As the bus drove to the next stop, I wiped the steam from my glasses, and suddenly tears crowded into my eyes. The “ding” from the stop-requested bell transported me back to a scene from my past.
I am five years old. My father comes home from being out late. The door slams shut, and just like the “ding” that started the Ali-Frazier fight that I’d watched on TV, I’d hear a ding inside my head, signaling that the fight in my house was about to begin. All night I listen to my father beating my mother. The next day I see her black eye peeking out from behind her dark sunglasses.
Even though I was looking down, I knew that we were passing the Kaufmann department store building with its spring fashion collection in the window, an image I’d see twice daily, month after month, as I rode the bus back and forth to work. Again, I heard a “ding.”
I am eleven and sitting beside my paternal grandmother. She pulls bright shiny brass knuckles from a brown paper bag. Drunk, she whispers, “Your grandfather uses these on me. Don’t ev-er let a man hit you.”
I looked toward the bus driver, then out of his partially defogged window. The round dormitory buildings belong to the University of Pittsburgh. “Ding.”
I am thirteen and my mother has just thrown a sewing box filled with sharp needles, scissors, thimbles, and thread at my younger brother. It misses him.

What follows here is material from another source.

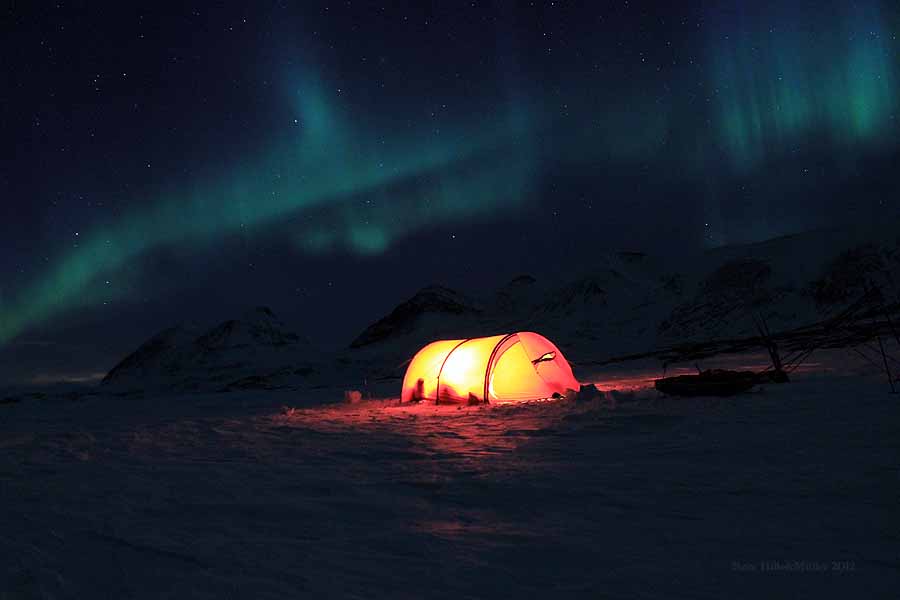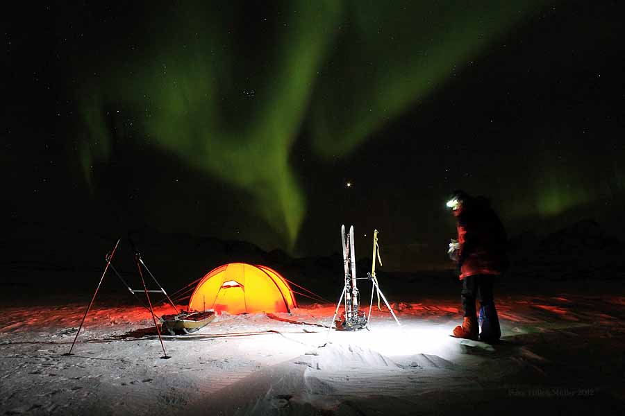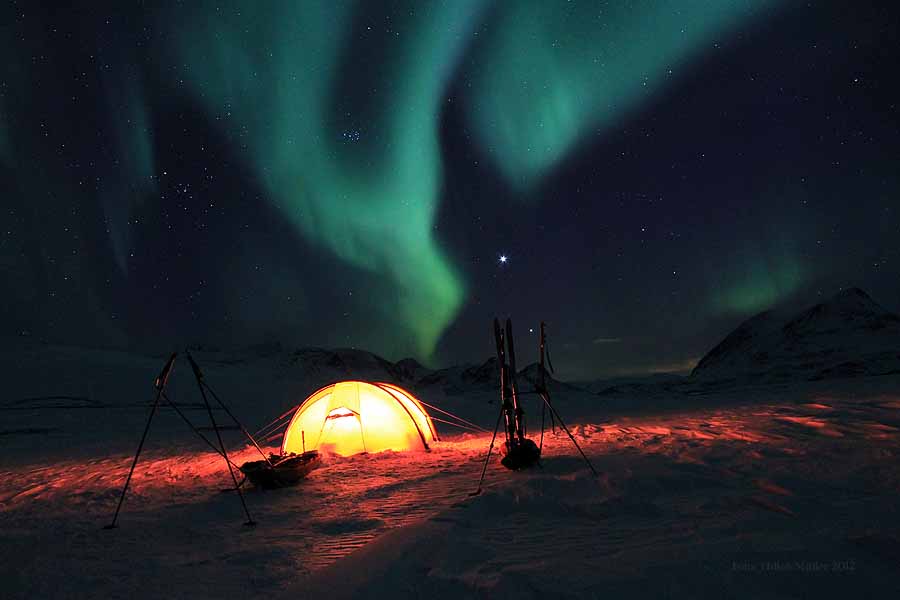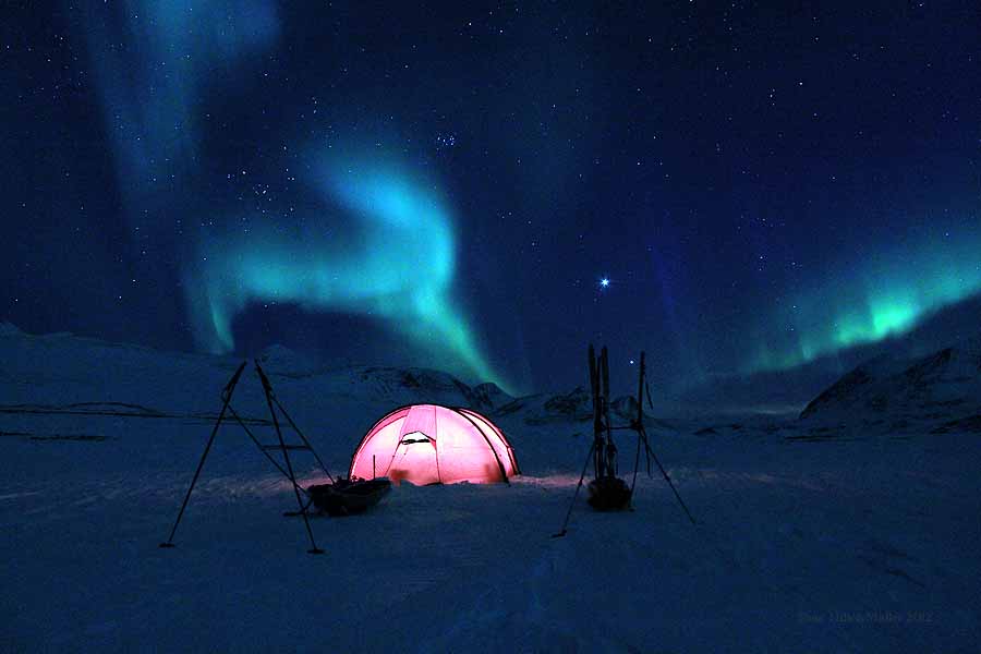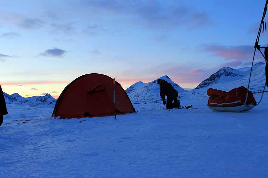Wir erkämpfen uns einen weiteren Höhepunkt. In exponierter Lage stellen wir unser rotes Zelt vor grandioser Bergkulisse in das zarte Lila des klaren Winterabends. Wir wollen gar nicht reingehen, als die ersten Sterne zu funkeln beginnen. Aber gleich ist Küchenschluss und ich unterbreche die Stille mit dem Fauchen des Kochers. Diesmal gibt’s kein Dessert, aber dafür Lichtshow kostenlos. Man kann das Polarlicht kaum mit Worten beschreiben. Bei den Sami galt es als Aktivität der Geister von Verstorbenen und mir kommt es tatsächlich so vor, als seien die wehenden Himmelsgardinen ein Medium in eine andere Dimension. Schade nur, dass die Füße irgendwann kalt werden und auch der Kopf droht vom Hin- und Her-Staunen bald aus seinem Gelenk zu fallen.

Head hung low, teeth grinding, hands shaking, I pulled the cord, hard. “Ding!” Inside my head, I yell “Stop! I want to get off.”
At Negley and Ellsworth, I staggered off the bus, wondering why I was suddenly having these horrifying memories for the first time.
My legs shook as I walked across the street toward my apartment. Blinded by my tear-speckled eyeglasses, I fumbled for my keys.
Emotionally exhausted, the small flight of stairs left me winded. I opened the door to my apartment, took off my coat, and sank to the floor, back against the wall. I looked around at the empty rooms, bare walls, and curtain-less windows, seeing only a futon mattress for sleeping, and expensive All-Clad cooking pot, a professional chef’s knife, and a secondhand four-piece Mikasa fine china dish set.
It wasn’t that I couldn’t afford to begin furnishing my place. The truth was that I wasn’t sure I wanted to. I didn’t want to fill it up with the should-haves from the latest TV commercials. It was my first place, and I wanted to decide wha furnishings best represented me. Part of me liked not having furniture. It gave me the feeling of building a new life from the ground up.
I started to cry again, and my salty tears came down like a monsoon with snot hanging from my nose. I sat on the floor like a four-year-old, hugging my knees. Then I heard the voice of my mother inside my head…
Disclosure: The author and interviewer met as undergraduate students at Temple University in 1984, and went on to enjoy a 30-year friendship punctuated by huge gaps in distance and communication (but none in mutual fondness and respect). The author provided the interviewer an advance copy of the book manuscript to read, knowing full well said interviewer would tell her if it sucked. Luckily, it didn’t.